# [INFORMATION PROVIDED]
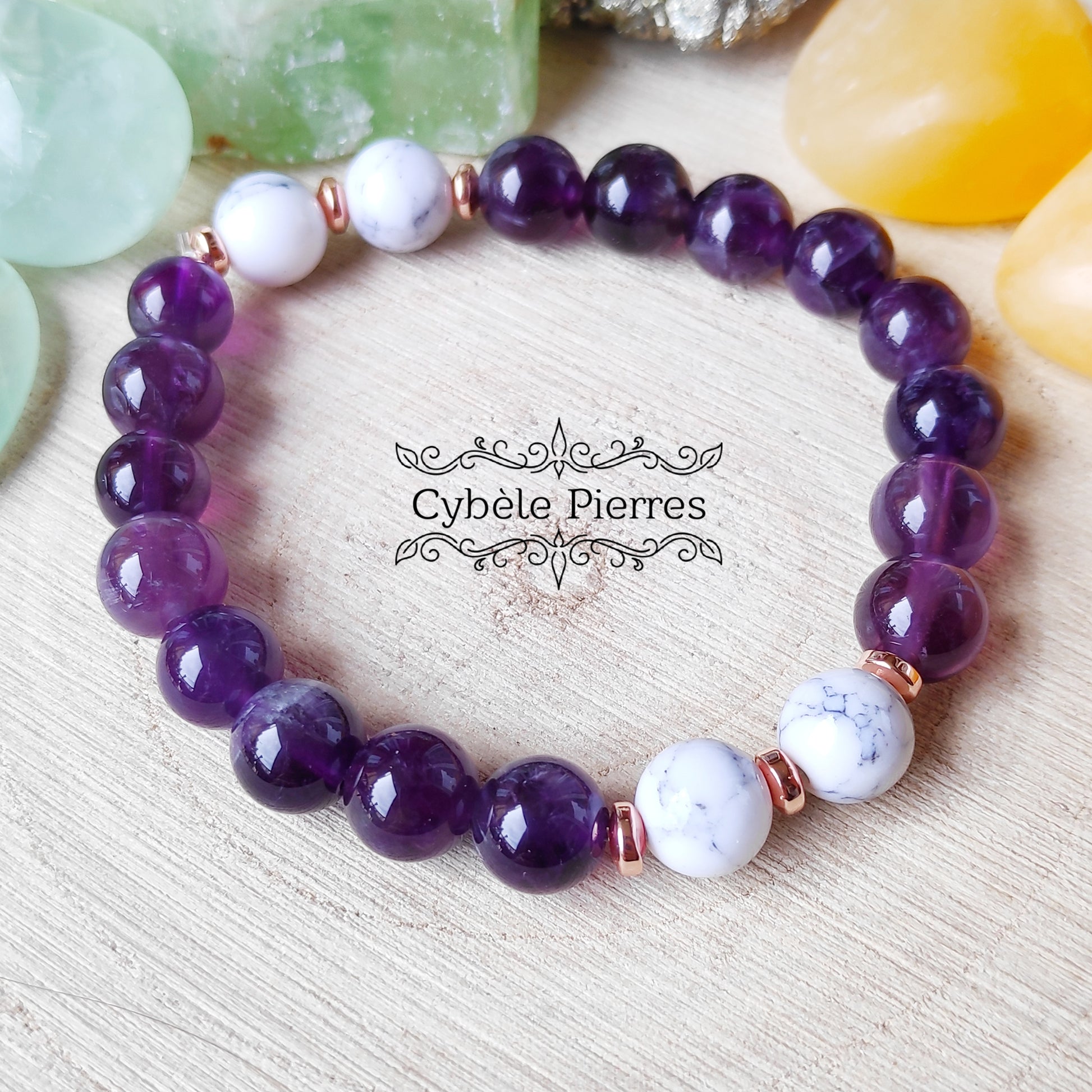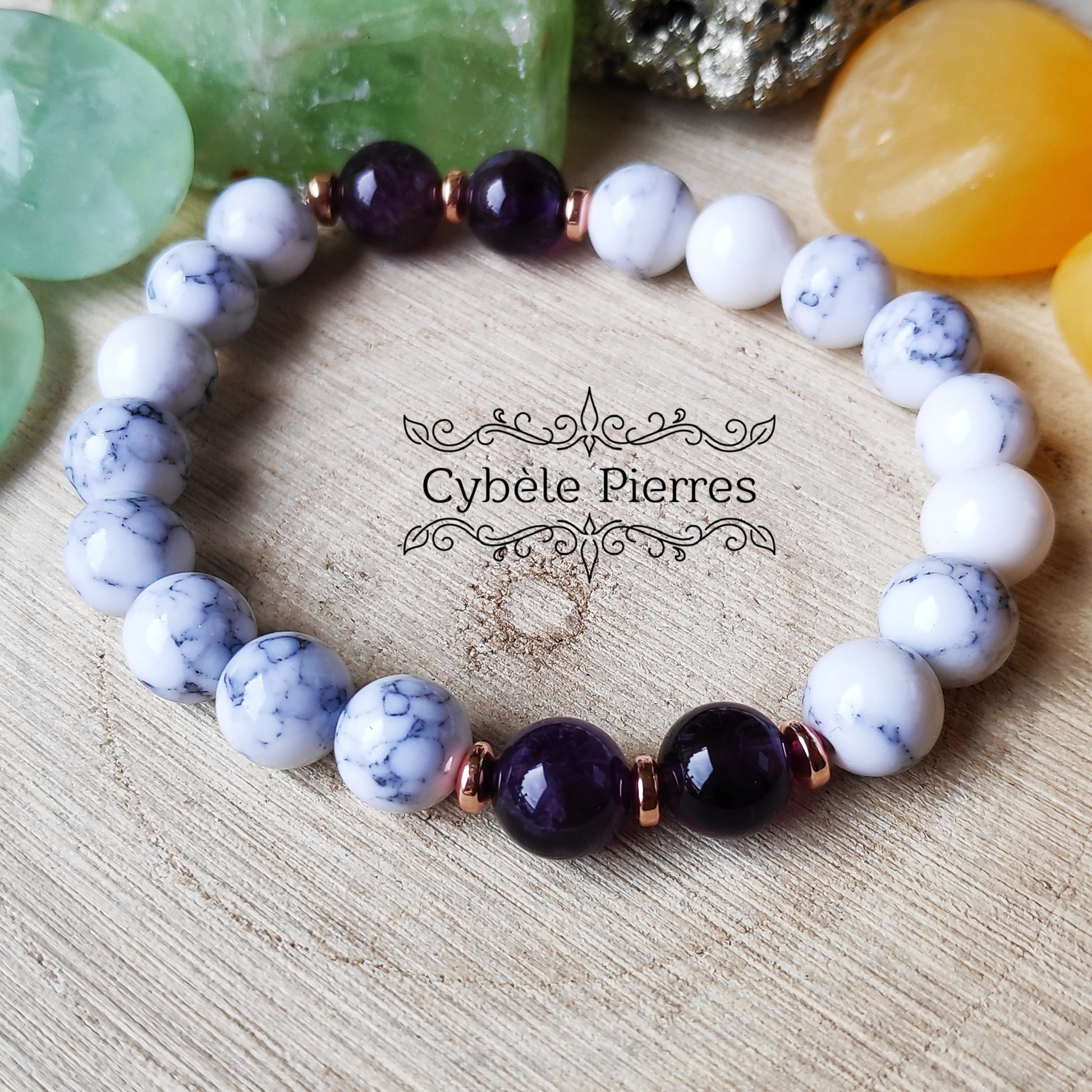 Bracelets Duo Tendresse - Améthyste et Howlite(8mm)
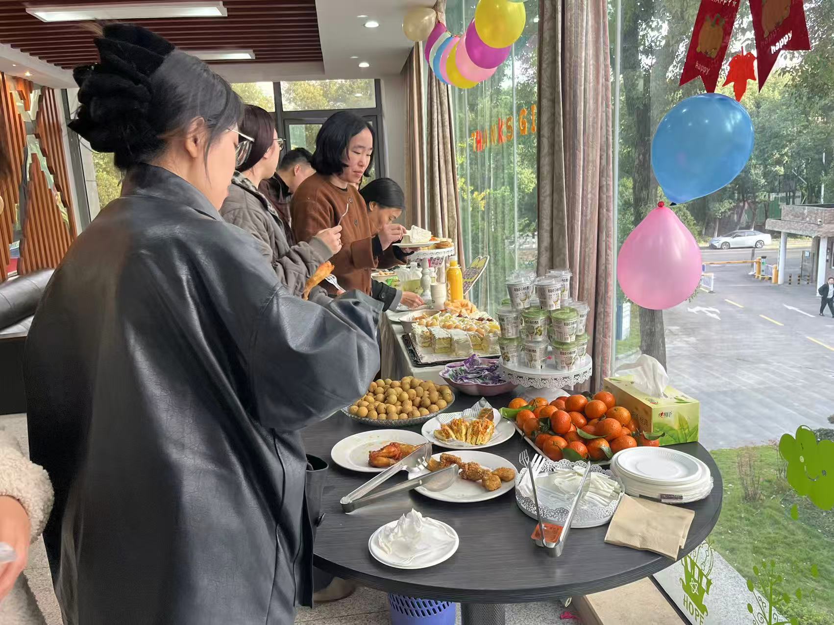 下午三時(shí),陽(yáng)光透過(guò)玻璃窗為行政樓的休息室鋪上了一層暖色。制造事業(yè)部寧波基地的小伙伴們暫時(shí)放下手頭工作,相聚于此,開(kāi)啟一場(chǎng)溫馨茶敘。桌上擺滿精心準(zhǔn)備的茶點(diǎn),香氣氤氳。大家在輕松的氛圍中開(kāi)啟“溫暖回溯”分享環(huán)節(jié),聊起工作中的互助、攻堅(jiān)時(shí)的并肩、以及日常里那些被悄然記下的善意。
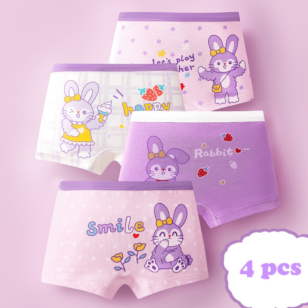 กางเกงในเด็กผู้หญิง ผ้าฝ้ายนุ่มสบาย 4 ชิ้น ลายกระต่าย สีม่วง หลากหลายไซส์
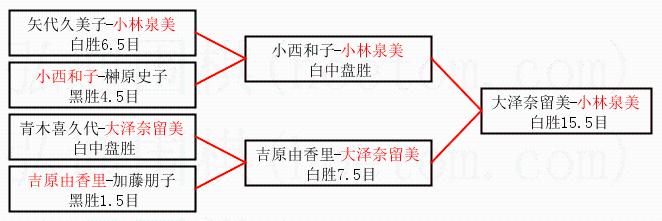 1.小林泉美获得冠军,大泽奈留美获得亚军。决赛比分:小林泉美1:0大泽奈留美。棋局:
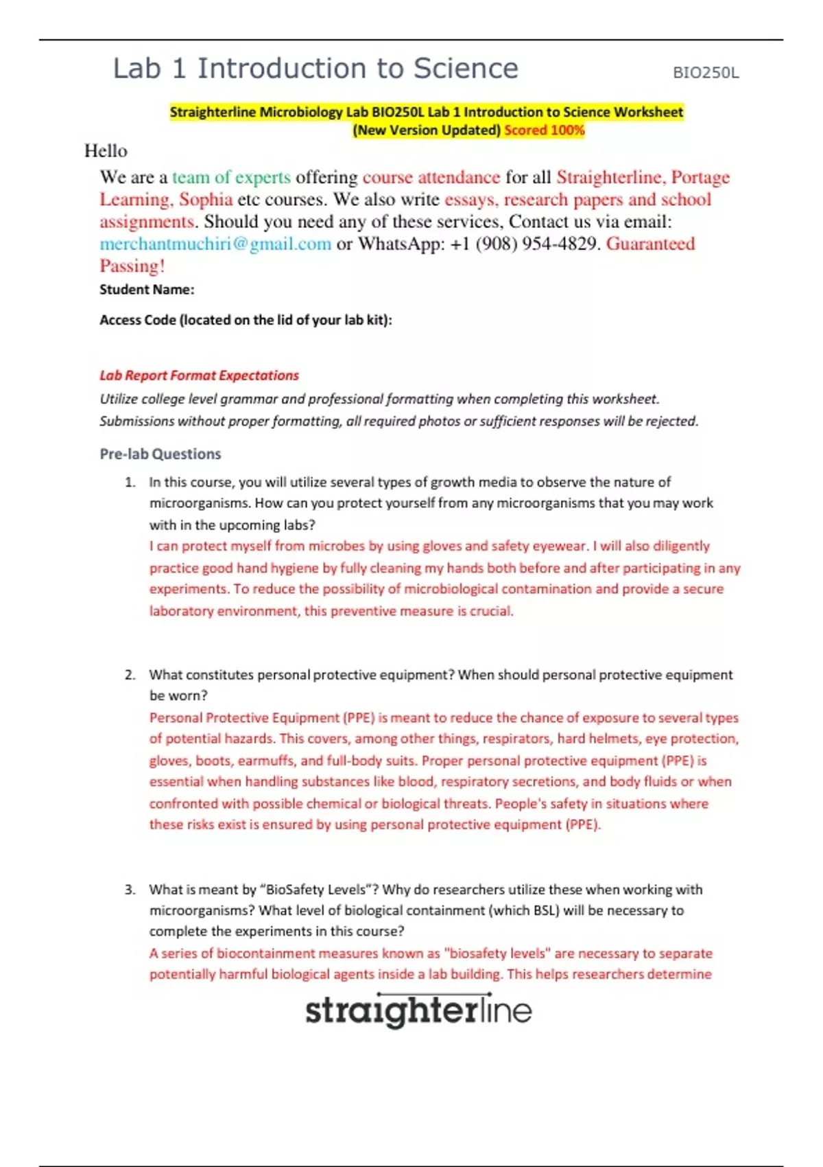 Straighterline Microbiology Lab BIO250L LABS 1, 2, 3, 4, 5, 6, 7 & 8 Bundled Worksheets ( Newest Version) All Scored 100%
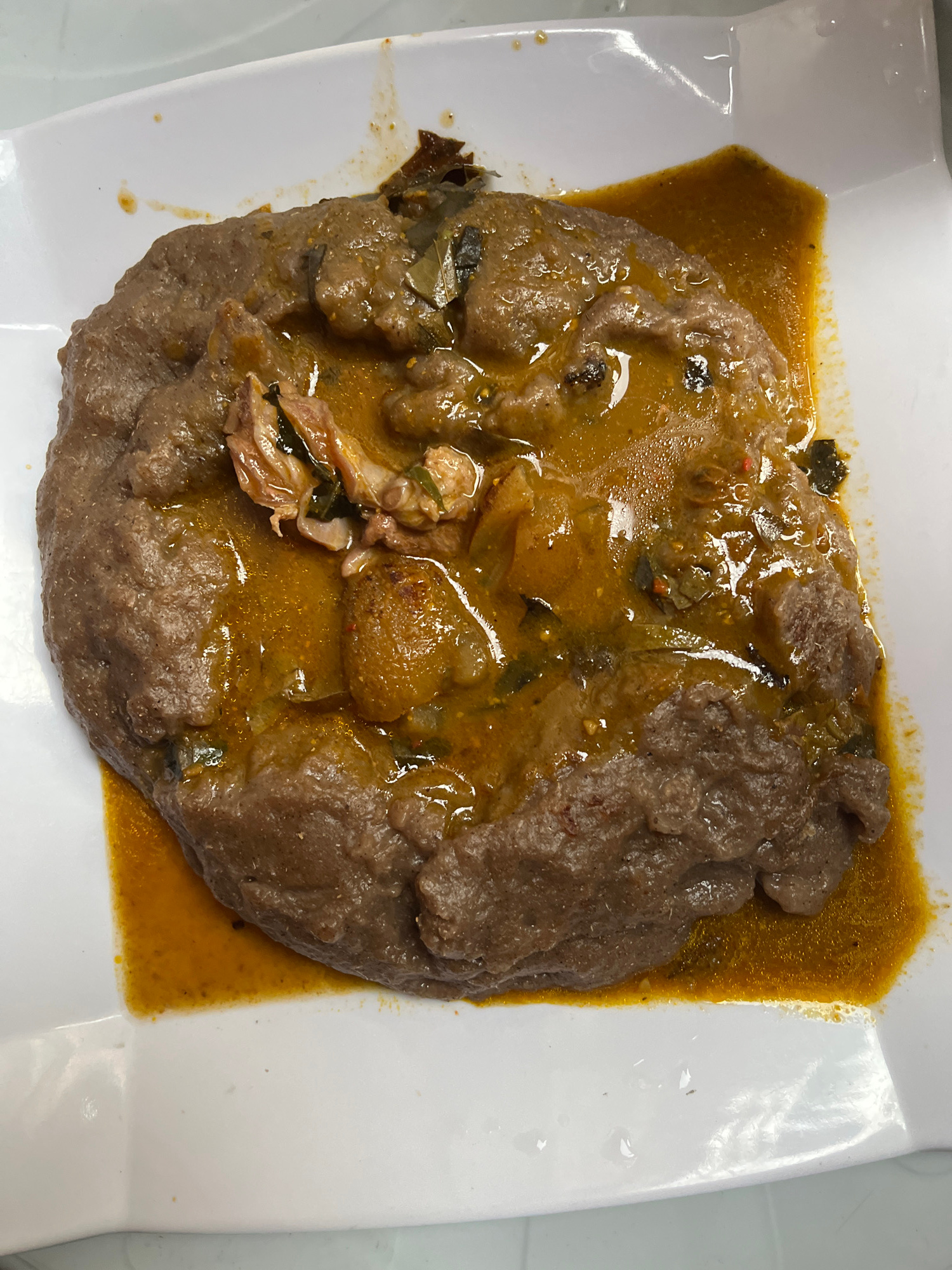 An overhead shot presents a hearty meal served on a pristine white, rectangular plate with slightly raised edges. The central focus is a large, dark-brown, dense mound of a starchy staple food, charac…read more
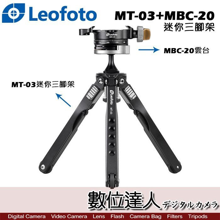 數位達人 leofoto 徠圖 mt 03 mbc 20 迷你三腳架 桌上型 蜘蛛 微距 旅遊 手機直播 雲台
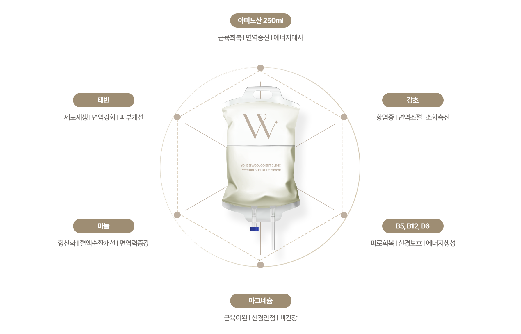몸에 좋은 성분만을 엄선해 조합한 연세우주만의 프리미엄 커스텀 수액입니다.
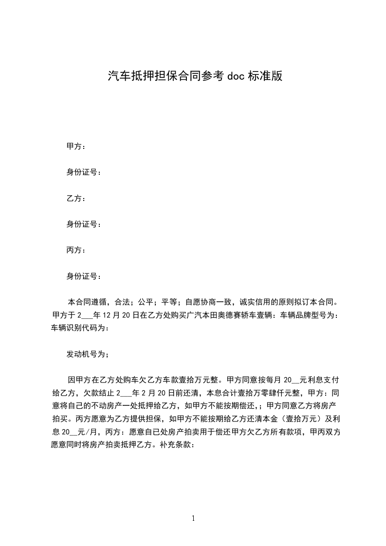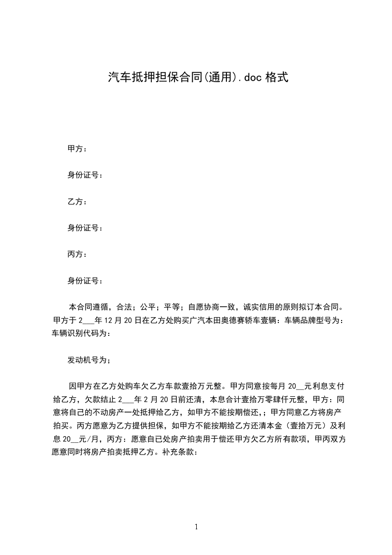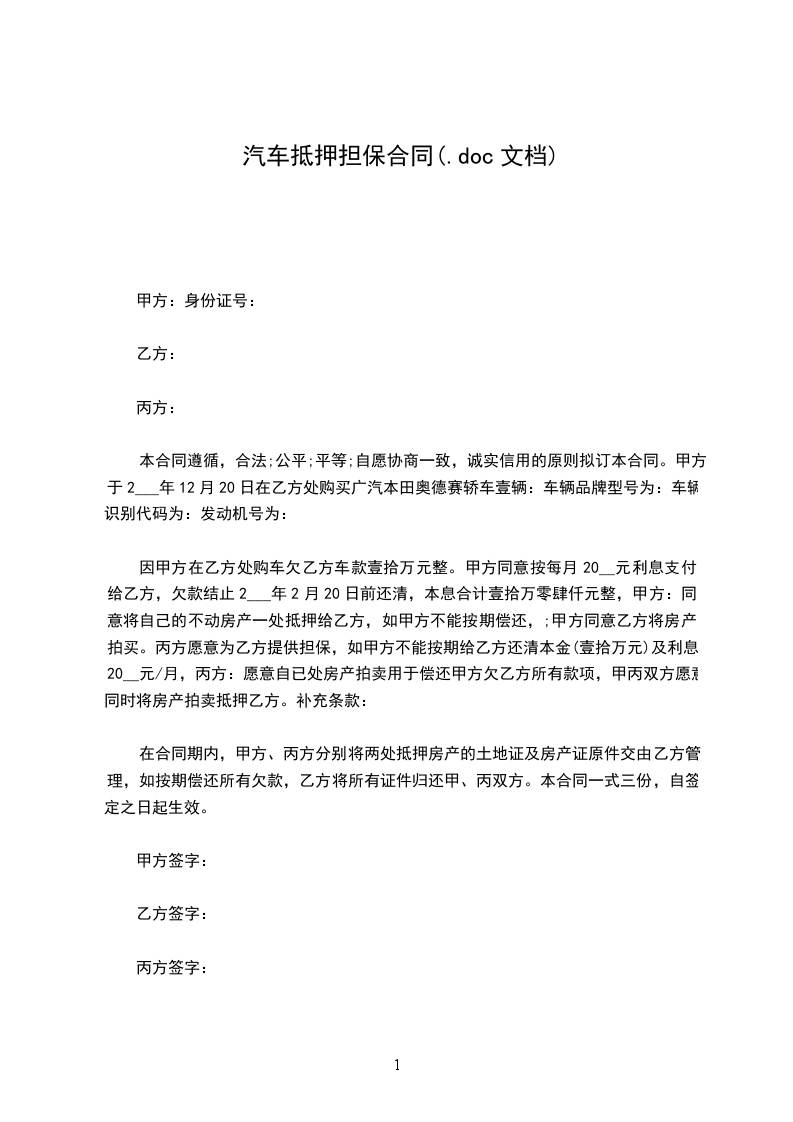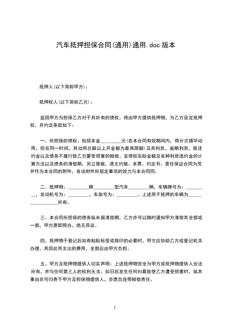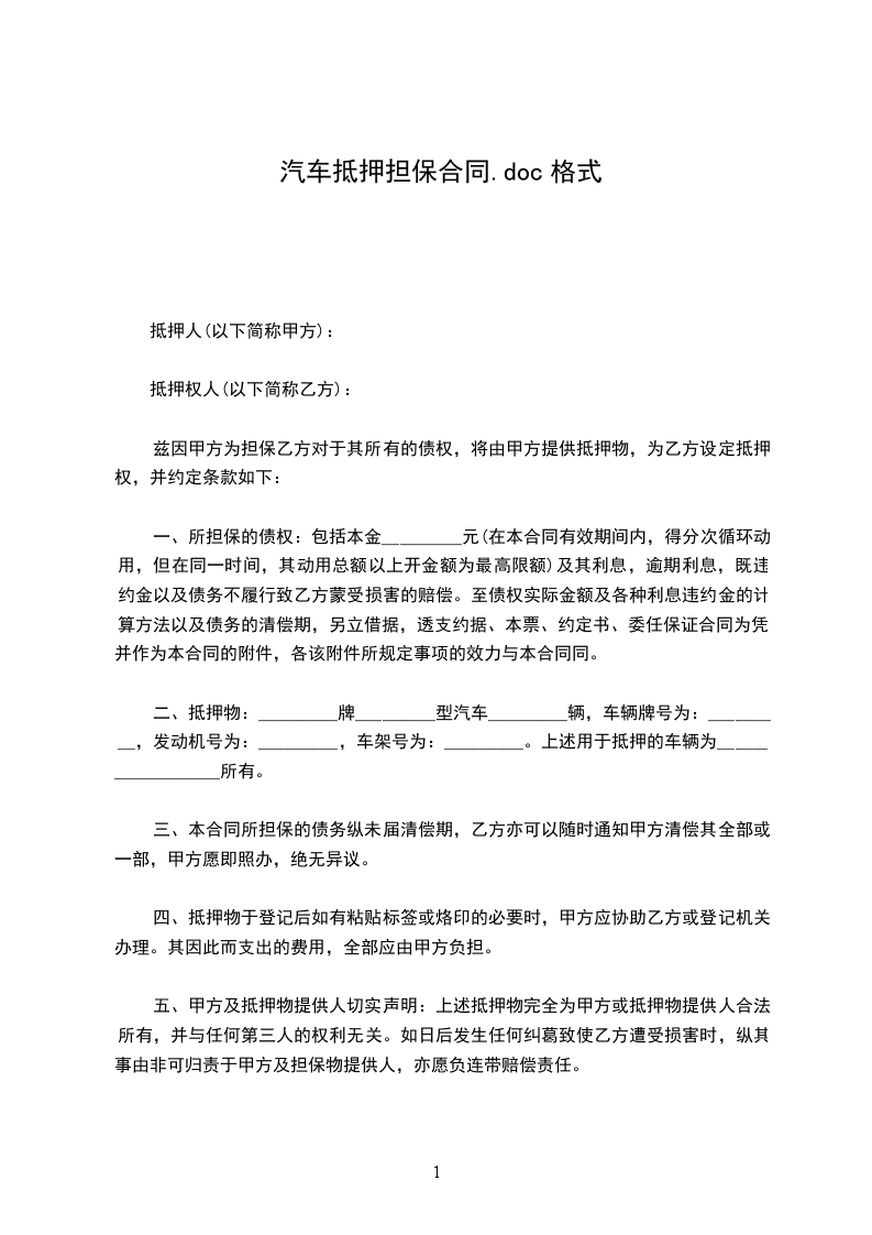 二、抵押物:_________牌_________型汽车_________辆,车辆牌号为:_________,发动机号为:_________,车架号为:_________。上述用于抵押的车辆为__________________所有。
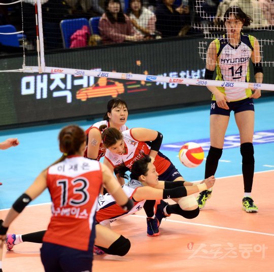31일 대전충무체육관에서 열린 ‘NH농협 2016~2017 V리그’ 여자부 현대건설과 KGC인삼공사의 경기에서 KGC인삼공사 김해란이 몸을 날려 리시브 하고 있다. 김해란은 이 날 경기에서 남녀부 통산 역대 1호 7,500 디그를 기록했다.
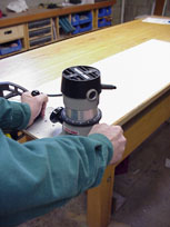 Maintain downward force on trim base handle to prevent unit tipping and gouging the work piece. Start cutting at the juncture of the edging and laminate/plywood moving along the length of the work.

# [WHAT TO DO]
Would you please write out the entries in full, exactly as they read, but without pictures?

# [EXPECTED OUTPUT]
 Bracelets Duo Tendresse - Améthyste et Howlite(8mm)
 下午三時(shí),陽(yáng)光透過(guò)玻璃窗為行政樓的休息室鋪上了一層暖色。制造事業(yè)部寧波基地的小伙伴們暫時(shí)放下手頭工作,相聚于此,開(kāi)啟一場(chǎng)溫馨茶敘。桌上擺滿精心準(zhǔn)備的茶點(diǎn),香氣氤氳。大家在輕松的氛圍中開(kāi)啟“溫暖回溯”分享環(huán)節(jié),聊起工作中的互助、攻堅(jiān)時(shí)的并肩、以及日常里那些被悄然記下的善意。
 กางเกงในเด็กผู้หญิง ผ้าฝ้ายนุ่มสบาย 4 ชิ้น ลายกระต่าย สีม่วง หลากหลายไซส์
 1.小林泉美获得冠军,大泽奈留美获得亚军。决赛比分:小林泉美1:0大泽奈留美。棋局:
 Straighterline Microbiology Lab BIO250L LABS 1, 2, 3, 4, 5, 6, 7 & 8 Bundled Worksheets ( Newest Version) All Scored 100%
 An overhead shot presents a hearty meal served on a pristine white, rectangular plate with slightly raised edges. The central focus is a large, dark-brown, dense mound of a starchy staple food, charac…read more
 數位達人 leofoto 徠圖 mt 03 mbc 20 迷你三腳架 桌上型 蜘蛛 微距 旅遊 手機直播 雲台
몸에 좋은 성분만을 엄선해 조합한 연세우주만의 프리미엄 커스텀 수액입니다.
 二、抵押物:_________牌_________型汽车_________辆,车辆牌号为:_________,发动机号为:_________,车架号为:_________。上述用于抵押的车辆为__________________所有。
31일 대전충무체육관에서 열린 ‘NH농협 2016~2017 V리그’ 여자부 현대건설과 KGC인삼공사의 경기에서 KGC인삼공사 김해란이 몸을 날려 리시브 하고 있다. 김해란은 이 날 경기에서 남녀부 통산 역대 1호 7,500 디그를 기록했다.
 Maintain downward force on trim base handle to prevent unit tipping and gouging the work piece. Start cutting at the juncture of the edging and laminate/plywood moving along the length of the work.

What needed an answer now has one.